Top of DATASET SECTION

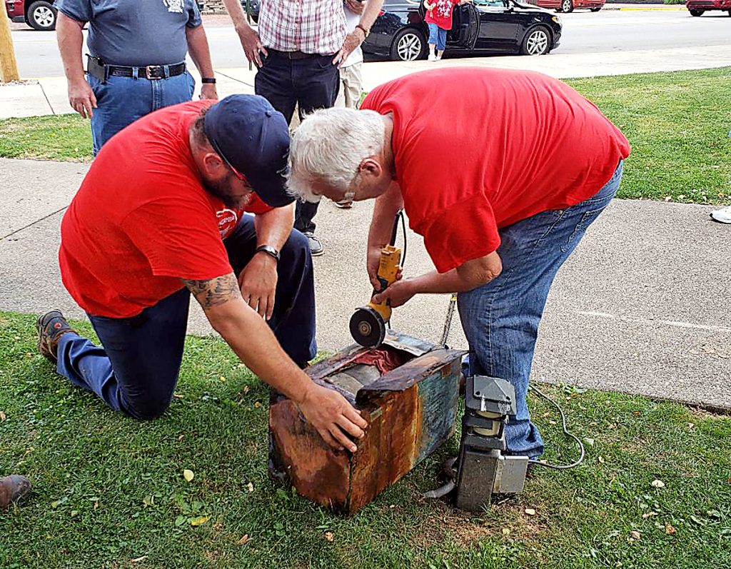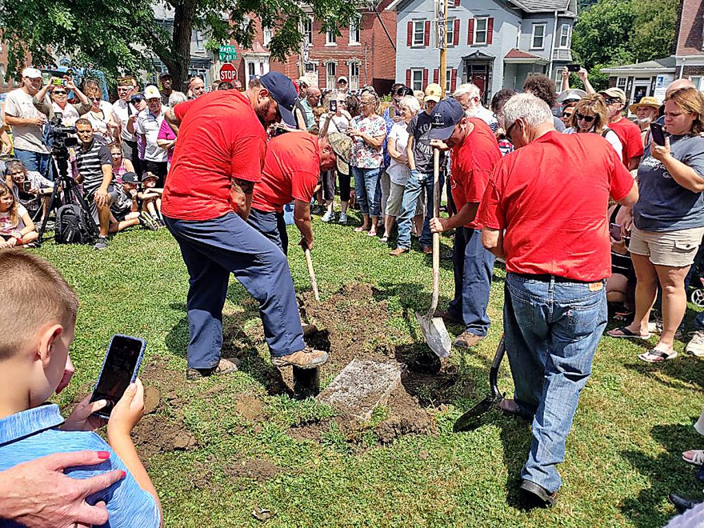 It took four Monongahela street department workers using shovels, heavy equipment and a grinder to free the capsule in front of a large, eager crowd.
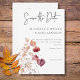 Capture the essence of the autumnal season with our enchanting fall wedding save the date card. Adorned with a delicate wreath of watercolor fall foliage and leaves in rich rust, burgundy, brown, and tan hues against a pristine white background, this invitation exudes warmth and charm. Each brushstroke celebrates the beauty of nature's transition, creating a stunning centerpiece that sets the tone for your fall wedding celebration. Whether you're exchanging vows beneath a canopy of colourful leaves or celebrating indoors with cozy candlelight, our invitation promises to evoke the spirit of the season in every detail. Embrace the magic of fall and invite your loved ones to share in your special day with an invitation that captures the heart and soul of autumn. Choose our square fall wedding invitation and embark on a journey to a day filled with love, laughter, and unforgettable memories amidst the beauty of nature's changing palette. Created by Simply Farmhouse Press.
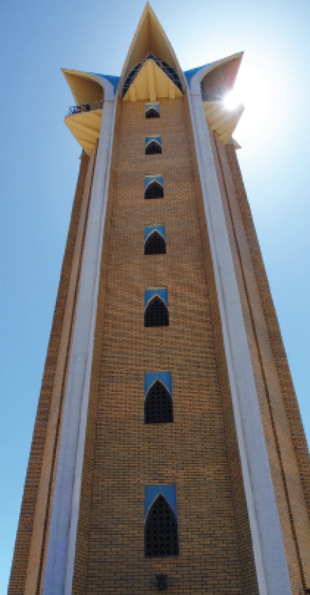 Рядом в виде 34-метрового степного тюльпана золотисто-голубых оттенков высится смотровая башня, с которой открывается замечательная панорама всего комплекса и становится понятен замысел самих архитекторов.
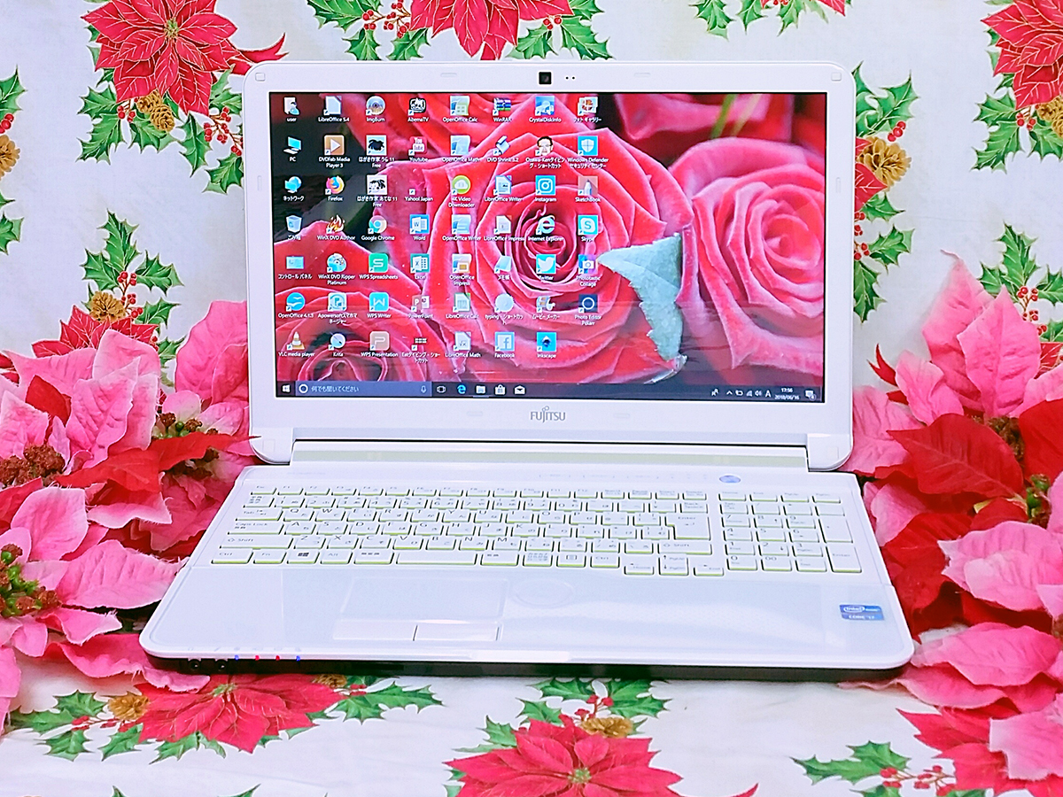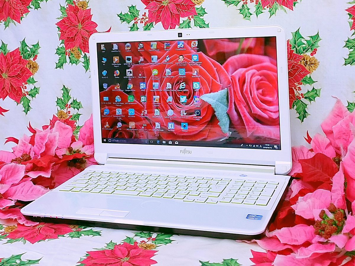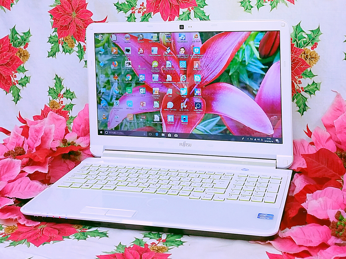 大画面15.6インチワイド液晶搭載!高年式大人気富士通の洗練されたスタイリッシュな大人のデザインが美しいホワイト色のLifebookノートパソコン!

Bottom of DATASET SECTION

EXERCISE OBJECTIVE:
All of the data is to be reproduced exactly, with the pictures left out.

ANSWER FOR THE TASK:
 It took four Monongahela street department workers using shovels, heavy equipment and a grinder to free the capsule in front of a large, eager crowd.
 Capture the essence of the autumnal season with our enchanting fall wedding save the date card. Adorned with a delicate wreath of watercolor fall foliage and leaves in rich rust, burgundy, brown, and tan hues against a pristine white background, this invitation exudes warmth and charm. Each brushstroke celebrates the beauty of nature's transition, creating a stunning centerpiece that sets the tone for your fall wedding celebration. Whether you're exchanging vows beneath a canopy of colourful leaves or celebrating indoors with cozy candlelight, our invitation promises to evoke the spirit of the season in every detail. Embrace the magic of fall and invite your loved ones to share in your special day with an invitation that captures the heart and soul of autumn. Choose our square fall wedding invitation and embark on a journey to a day filled with love, laughter, and unforgettable memories amidst the beauty of nature's changing palette. Created by Simply Farmhouse Press.
 Рядом в виде 34-метрового степного тюльпана золотисто-голубых оттенков высится смотровая башня, с которой открывается замечательная панорама всего комплекса и становится понятен замысел самих архитекторов.
 大画面15.6インチワイド液晶搭載!高年式大人気富士通の洗練されたスタイリッシュな大人のデザインが美しいホワイト色のLifebookノートパソコン!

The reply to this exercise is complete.